To: Wyätt Gwyön who wrote (1295)3/5/2004 12:57:29 PM
From: mishedlo  Read Replies (2) | Respond to of 116555
 
China 'to slow' commodities demand
(CNN) -- China's economy grew at a breathtaking 9.0 percent-plus last year, but a government-ordered cooling of its booming construction sector will have a big impact on global commodities demand, an analyst warns.

HSBC economist Qu Hongbin said Premier Wen Jiabao last month ordered state banks to curb lending to counteract over-investment in industrial parks, big urban construction projects and shopping malls.

Wen reinforced that theme in his address to the National People's Congress Friday, saying the government would crack down on "haphazard" and "redundant" investment.


Wen told the NPC he expected China's economy would still grow at more than 7 percent this year, but the focus would shift to raising incomes in rural areas.

In a commentary released just before the Congress, Hong Kong-based Qu said Wen's lending order in February meant that commodity demand would continue in China for the next couple of years, but at a slower pace than 2003.

"This slowdown, together with new capacity, is likely to have a material impact on global demand for commodities over the next two years," Qu said.

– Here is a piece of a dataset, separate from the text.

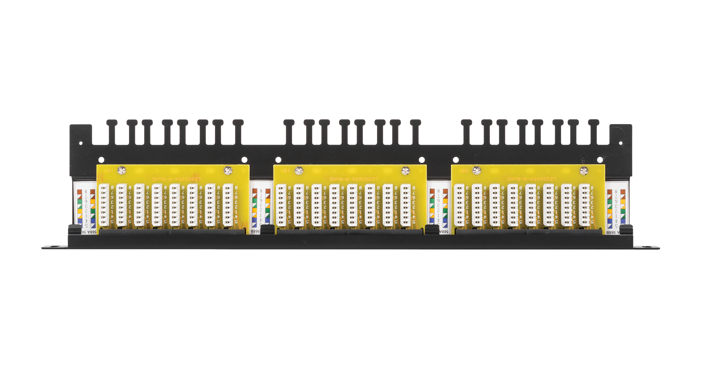 Коммутационные панели (патч-панели) предназначены для монтажа кабелей в различных подсистемах СКС и подключения отдельных составляющих сети друг к другу при помощи коммутационных шнуров. Панели высокой плотности NMC-RP24UE2-HU-BK (кат.6) выполнены в неэкранированных корпусах и предназначены для монтажа в 19” шкафы или стойки. Данные панели вмещают по 24 порта RJ45/8P8C при высоте всего 0,5U. Такое решение идеально, когда необходимо обеспечить высокую плотность портов (например, в дата-центрах) или для расширения сети в ограниченном пространстве шкафа. Универсальные IDC контакты 110/KRONE расположены с тыльной стороны панелей, на горизонтальной подложке. Разводка кабелей на патч-панелях производится по двум стандартам: T568 А и B. Предусмотрен встроенный органайзер для надежного закрепления кабелей.

Global resources giants such as BHP Billiton, Rio Tinto, and Brazil's CRVD have seen a surge in sales and profits recently on the strength of their supply agreements with China.

Earlier this week, for example, BHP said it reached agreement with four of China's leading steel mills to supply iron ore worth $9 billion over 25 years.

But Qu noted that the Chinese Association of Steel Industries predicts demand in 2004-05 will grow at only 7 percent, compared to 21 percent last year, and that if investment growth continues at its current pace, domestic steel-making capacity will exceed demand by 80 million tonnes or 30 percent by 2005.

Qu said Wen warned last month that some of China's urban developments programs were ill-considered, and that some sectors -- such as steel, cement and aluminium -- were showing signs of over-investment.

As a result, credit is being tightened, leading to slower growth in fixed investment.

"We expect growth in fixed investment to slow from 27 percent last year to 15 percent in 2004 and around 10 percent in 2005," Qu noted.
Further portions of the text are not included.